I can see CPU utilization consumed by xorg process is around 23.5% with above configuration setup and power level as P8 in Auto Preferred Mode ---- REPRO
However when I changed it to Prefer Maximum Performance Mode, CPU utilization drops to ~3% and power level at P3 mode.

Later I removed external display and can see CPU utilization as 0.7% and power level as P3 in Prefer Maximum Performance Mode.
With no external display connected on Auto mode, CPU utilization consumed by xorg application is 0.7% and power level as P8.

Please confirm once from your end if it can be considered as repro so that we can debug in the same direction for root cause.

I have also filed a bug 3776073 internally for tracking purpose.

@amrits I can confirm that the behaviour you describe matches what I see on a Dell Inspiron 7610 with RTX 3060, latest nvidia drivers (also prior to that) on Fedora 36. In the case of this device, the Nvida GPU is the card with exclusive control over the USB-C (Thunderbolt) output.
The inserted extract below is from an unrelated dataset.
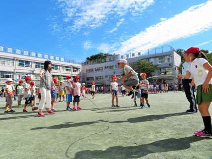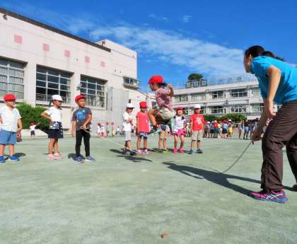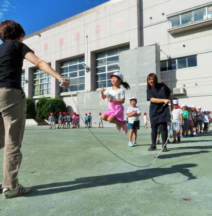 今日の体育朝会は、最後の長縄朝会です。前回から各学級は、休み時間にクラスの目標に向けて練習をしてきました。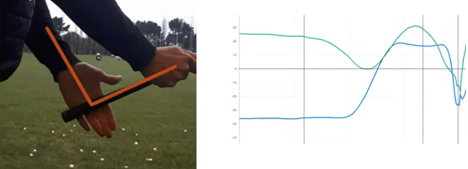 Steven describes an example of a successful tour player, who was experiencing a slight pain on the radial side of the lead wrist in transition. In the graph below his wrist motion data is visible.

Note that the Dell Inspiron 7510 and Dell Vostro 7510 may also ship in configurations including an Nvidia GPU, and the Inspiron 7610 ships also with, e.g. RTX 3050. These devices, I believe, are all wired up identically, so would all be affected.
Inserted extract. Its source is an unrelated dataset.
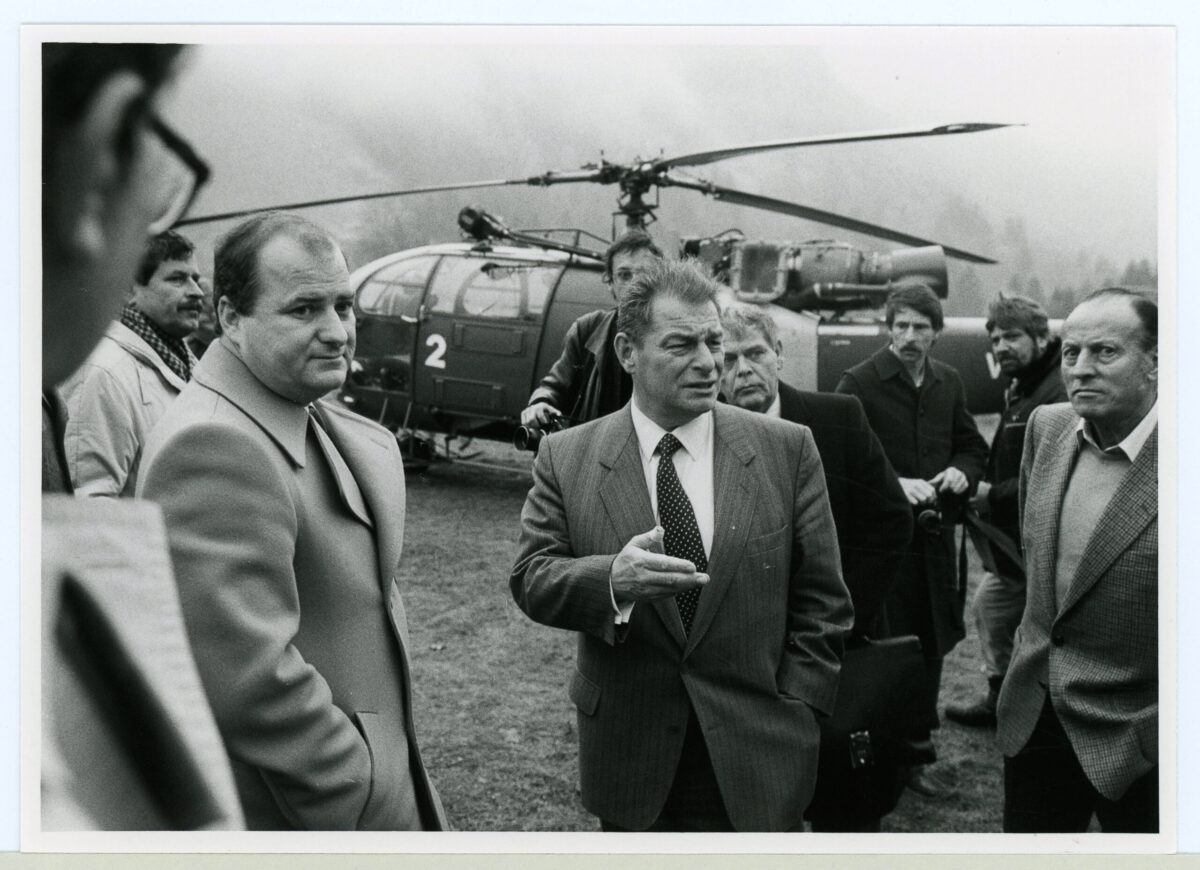 Die Forderungen und Vorschläge verhallten in der Schweiz nicht ungehört. Knapp eine Woche nach dem Waldbrand reiste Bundesrat Jean-Pascal Delamuraz, der Vorsteher des Eidgenössischen Militärdepartements (EMD), nach Liechtenstein. Inzwischen war der Föhn von einer Regenfront abgelöst worden, sodass keine Gefahr mehr für ein Wiederaufflackern von kleineren oder grösseren Brandherden bestand. Bei einem Augenschein im Waldbrand-gebiet konnte sich der EMD-Chef ein Bild von den Zerstörungen durch das Feuer machen. Im Brandgebiet befanden sich auch noch Reste von Feuerwehrmaterial, das die Feuer-wehrmänner bei ihrer Flucht vor dem sich mit hohem Tempo ausbreitenden Feuer zurücklassen mussten: Diese Gegenstände zeigten anschaulich die dramatische Situation

This issue can be amplified by limiting the Nvidia GPU performance through nvidia-smi (simply assign minimum clocks).

The behaviour you are observing, essentially, smells like massive polling overhead for the sake of synchronizing “something”; in a modern world, waiting on a completion event would really help.

@shoffmeister
Thanks for the confirmation.
We will debug issue and keep you updated on it.

1 Like

Thanks, I hope that will fix soon, at the meant time my laptop stuck on Windows until this thing is going to fix already

Can confirm this happening on my legion 5 laptop on Manjaro Linux (same on any linux)
So high cpu usage and choppy performance happens when in Hybrid mode and Nvidia Adaptive profile. Switching to High performance mode solves render perfomance and cpu usage, but at the cost of the battery. Using Nvidia only mode again solves the issue with CPU usage and performance but comes with it’s own set of problems ( power consumption, etc)

1 Like

When switched to Nvidia Performance mode, I noticed the power consumption constantly peak at around 30watt was on idle state just moving cursor not rendering stuff.